Collected data:
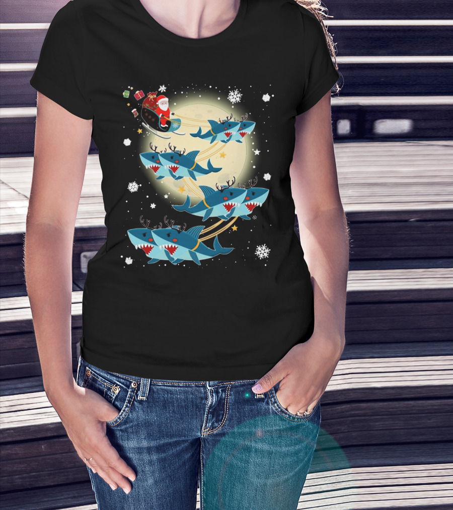 Santa Claus Riding Shark Reindeer Full Moon Snowflakes T-Shirt
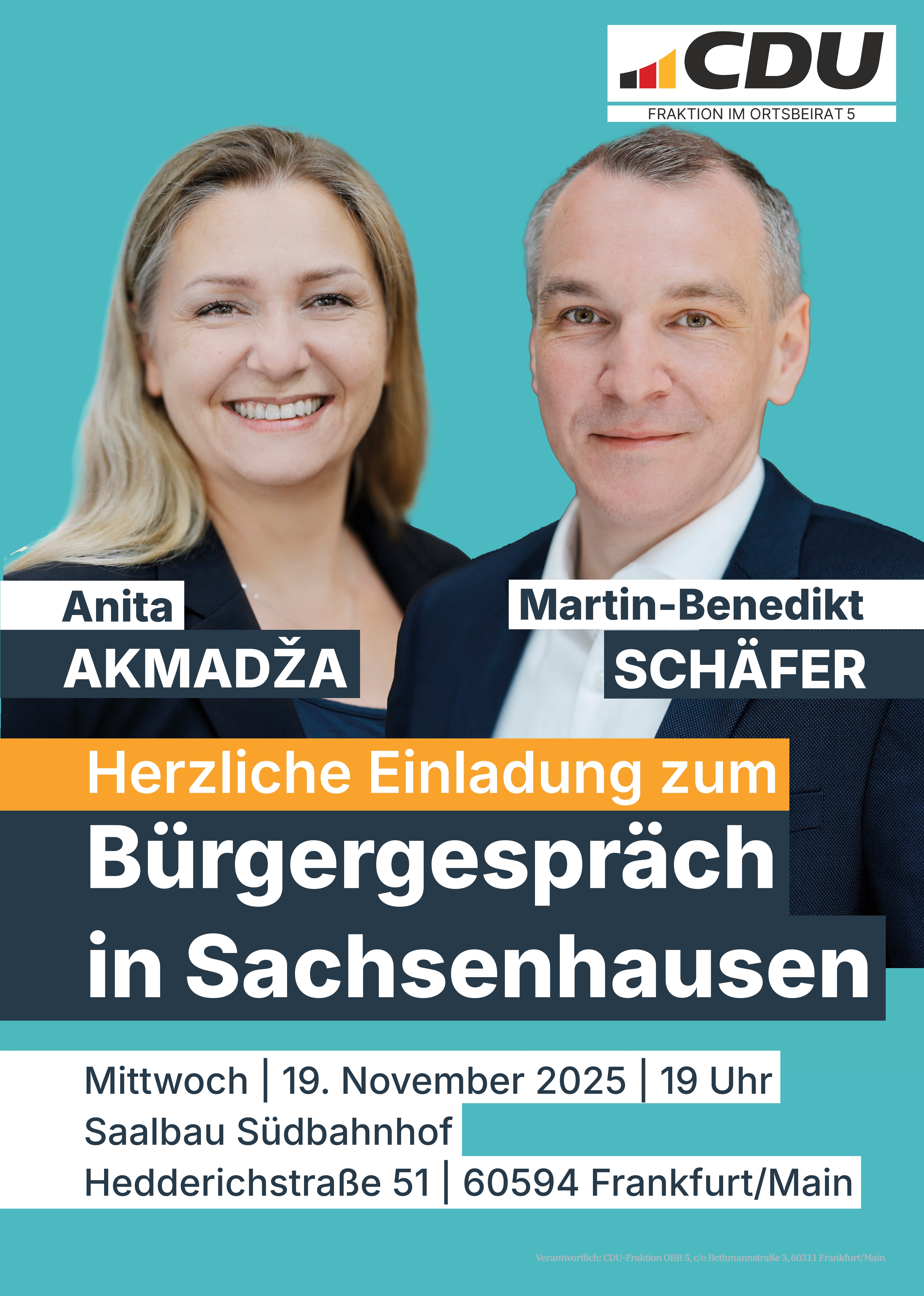 Auf der Webseite der CDU-Fraktion im Frankfurter Süden können Sie mehr über uns und unser politisches Engagement erfahren. Falls Sie Fragen oder Anregungen haben, nutzen Sie gern die angebotenen Kontaktmöglichkeiten. Vielen Dank für Ihren Besuch auf unserer Seite und das Interesse – auf bald!
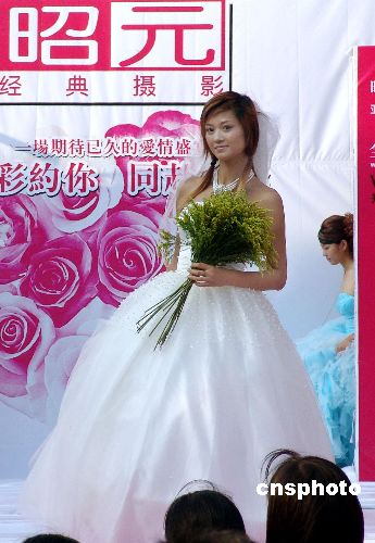8月8日,一些婚紗影樓公司在鄭州市二七廣場附近大搞促銷活動,迎接十一前后的結(jié)婚高峰的到來。 作者:馬健
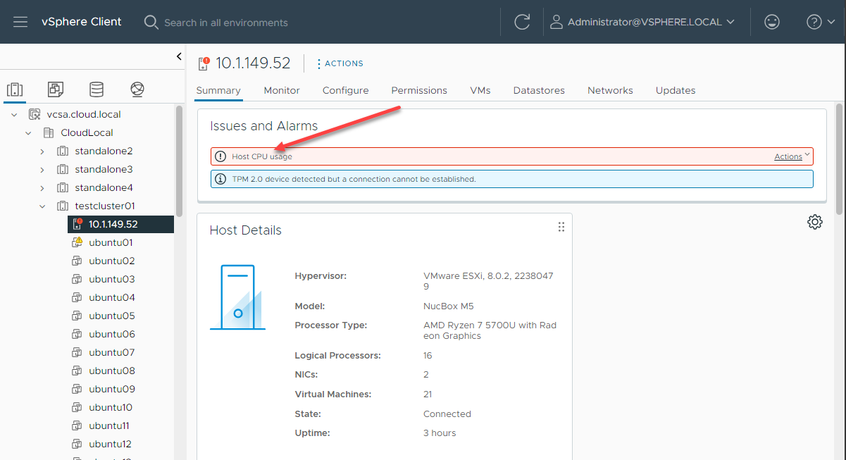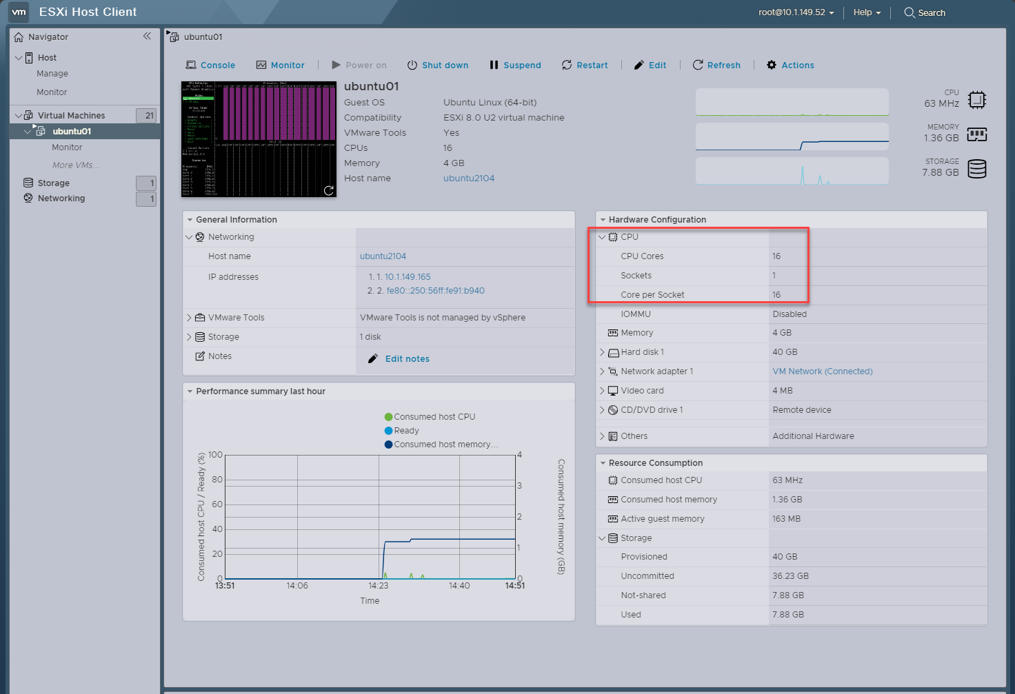 Also, if we monitor this in the vSphere Client if the host is connected to vCenter Server, or if we are connected directly to the host client, we see we have effectively saturated the CPUs with utilization.

Task statement:
Copy all the material word for word, minus its pictures.

Response for this exercise:
 Santa Claus Riding Shark Reindeer Full Moon Snowflakes T-Shirt
 Auf der Webseite der CDU-Fraktion im Frankfurter Süden können Sie mehr über uns und unser politisches Engagement erfahren. Falls Sie Fragen oder Anregungen haben, nutzen Sie gern die angebotenen Kontaktmöglichkeiten. Vielen Dank für Ihren Besuch auf unserer Seite und das Interesse – auf bald!
8月8日,一些婚紗影樓公司在鄭州市二七廣場附近大搞促銷活動,迎接十一前后的結(jié)婚高峰的到來。 作者:馬健
 Also, if we monitor this in the vSphere Client if the host is connected to vCenter Server, or if we are connected directly to the host client, we see we have effectively saturated the CPUs with utilization.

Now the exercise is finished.